Uploaded image for project: 'Lustre'
  1. Lustre
  2. LU-2927

mdt_reconstruct_open() ASSERTION failure

Details

    • Bug
    • Resolution: Fixed
    • Blocker
    • Lustre 2.4.0
    • Lustre 2.4.0
    • 3
    • 7028

    Description

      transno shouldn't be cleared for EREMOTE operation.

      Attachments

        Activity

          [LU-2927] mdt_reconstruct_open() ASSERTION failure

          Andreas, we hit this last night on a production MDS still running 2.3.63. In case you're still interested I'm attaching the console log and lustre debug log.

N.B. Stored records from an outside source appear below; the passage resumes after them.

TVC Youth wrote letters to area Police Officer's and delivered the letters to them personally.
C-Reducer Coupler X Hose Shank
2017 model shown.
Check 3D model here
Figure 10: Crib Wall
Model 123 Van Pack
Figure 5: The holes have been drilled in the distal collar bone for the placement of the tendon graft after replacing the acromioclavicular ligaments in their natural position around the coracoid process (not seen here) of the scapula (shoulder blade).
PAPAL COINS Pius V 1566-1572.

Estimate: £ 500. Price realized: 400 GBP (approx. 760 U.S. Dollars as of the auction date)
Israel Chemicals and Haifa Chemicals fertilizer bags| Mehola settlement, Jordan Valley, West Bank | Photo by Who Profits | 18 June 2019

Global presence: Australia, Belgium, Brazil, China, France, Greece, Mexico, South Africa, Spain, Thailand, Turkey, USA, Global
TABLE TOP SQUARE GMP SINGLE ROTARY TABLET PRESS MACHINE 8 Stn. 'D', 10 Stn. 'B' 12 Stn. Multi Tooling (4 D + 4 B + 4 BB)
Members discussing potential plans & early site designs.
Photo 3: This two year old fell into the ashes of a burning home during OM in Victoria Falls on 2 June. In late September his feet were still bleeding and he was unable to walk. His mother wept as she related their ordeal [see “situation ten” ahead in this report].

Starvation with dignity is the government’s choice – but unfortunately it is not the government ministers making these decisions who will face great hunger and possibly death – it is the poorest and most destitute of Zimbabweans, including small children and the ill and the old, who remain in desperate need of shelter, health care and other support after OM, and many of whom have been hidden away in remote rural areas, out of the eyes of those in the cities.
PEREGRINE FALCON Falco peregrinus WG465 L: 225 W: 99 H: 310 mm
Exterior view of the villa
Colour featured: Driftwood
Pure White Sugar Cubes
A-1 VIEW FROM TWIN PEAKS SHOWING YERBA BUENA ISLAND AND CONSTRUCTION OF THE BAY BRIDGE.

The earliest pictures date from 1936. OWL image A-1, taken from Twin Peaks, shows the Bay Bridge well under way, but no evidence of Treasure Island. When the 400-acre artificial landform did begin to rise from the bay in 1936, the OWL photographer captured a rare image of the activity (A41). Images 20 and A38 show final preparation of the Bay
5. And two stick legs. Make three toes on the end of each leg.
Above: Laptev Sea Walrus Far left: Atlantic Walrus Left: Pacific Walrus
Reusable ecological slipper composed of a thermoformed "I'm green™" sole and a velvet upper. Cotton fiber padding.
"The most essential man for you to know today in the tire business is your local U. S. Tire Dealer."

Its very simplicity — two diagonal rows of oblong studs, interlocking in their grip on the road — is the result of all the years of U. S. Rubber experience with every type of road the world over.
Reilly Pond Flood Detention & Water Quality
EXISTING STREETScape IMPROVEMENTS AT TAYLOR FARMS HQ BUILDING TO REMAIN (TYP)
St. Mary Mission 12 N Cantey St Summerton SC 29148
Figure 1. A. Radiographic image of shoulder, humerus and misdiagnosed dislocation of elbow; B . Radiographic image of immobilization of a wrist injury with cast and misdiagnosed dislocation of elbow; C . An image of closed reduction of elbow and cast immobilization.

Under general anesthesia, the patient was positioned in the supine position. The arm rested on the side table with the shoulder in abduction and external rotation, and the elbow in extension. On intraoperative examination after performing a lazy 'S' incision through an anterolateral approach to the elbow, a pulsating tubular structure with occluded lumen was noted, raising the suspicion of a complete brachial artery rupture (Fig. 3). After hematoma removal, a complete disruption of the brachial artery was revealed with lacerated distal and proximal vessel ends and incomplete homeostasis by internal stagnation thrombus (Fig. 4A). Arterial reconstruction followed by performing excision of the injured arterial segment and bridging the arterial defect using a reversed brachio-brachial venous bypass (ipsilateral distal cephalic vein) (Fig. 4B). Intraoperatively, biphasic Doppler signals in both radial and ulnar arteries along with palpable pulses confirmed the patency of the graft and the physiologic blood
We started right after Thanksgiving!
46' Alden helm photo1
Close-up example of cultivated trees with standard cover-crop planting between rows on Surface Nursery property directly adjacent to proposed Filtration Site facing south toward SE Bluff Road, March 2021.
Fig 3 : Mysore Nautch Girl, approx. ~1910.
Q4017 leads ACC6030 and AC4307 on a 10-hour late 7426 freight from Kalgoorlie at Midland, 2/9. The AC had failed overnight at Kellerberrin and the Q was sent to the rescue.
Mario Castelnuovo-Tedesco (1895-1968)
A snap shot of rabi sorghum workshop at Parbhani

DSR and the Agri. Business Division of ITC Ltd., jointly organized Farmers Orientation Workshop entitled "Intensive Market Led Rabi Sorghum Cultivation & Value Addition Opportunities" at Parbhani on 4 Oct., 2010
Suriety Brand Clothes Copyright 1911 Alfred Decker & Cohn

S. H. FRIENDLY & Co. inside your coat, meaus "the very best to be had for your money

Not sure what the client load was like at the time. I see a lot of changelog and fid2path activity which is probably from a RobinHood scan.

          nedbass Ned Bass (Inactive) added a comment - Andreas, we hit this last night on a production MDS still running 2.3.63. In case you're still interested I'm attaching the console log and lustre debug log. Not sure what the client load was like at the time. I see a lot of changelog and fid2path activity which is probably from a RobinHood scan.
          pjones Peter Jones added a comment -

          Landed for 2.4

          pjones Peter Jones added a comment - Landed for 2.4

          Andriy, any information on how this bug was triggered? Was it under testing, or some user load? MDS recovery, network errors, etc?

          adilger Andreas Dilger added a comment - Andriy, any information on how this bug was triggered? Was it under testing, or some user load? MDS recovery, network errors, etc?
          di.wang Di Wang added a comment - http://review.whamcloud.com/#change,5694

          How do you know the assertion was wrong?

          keith Keith Mannthey (Inactive) added a comment - How do you know the assertion was wrong?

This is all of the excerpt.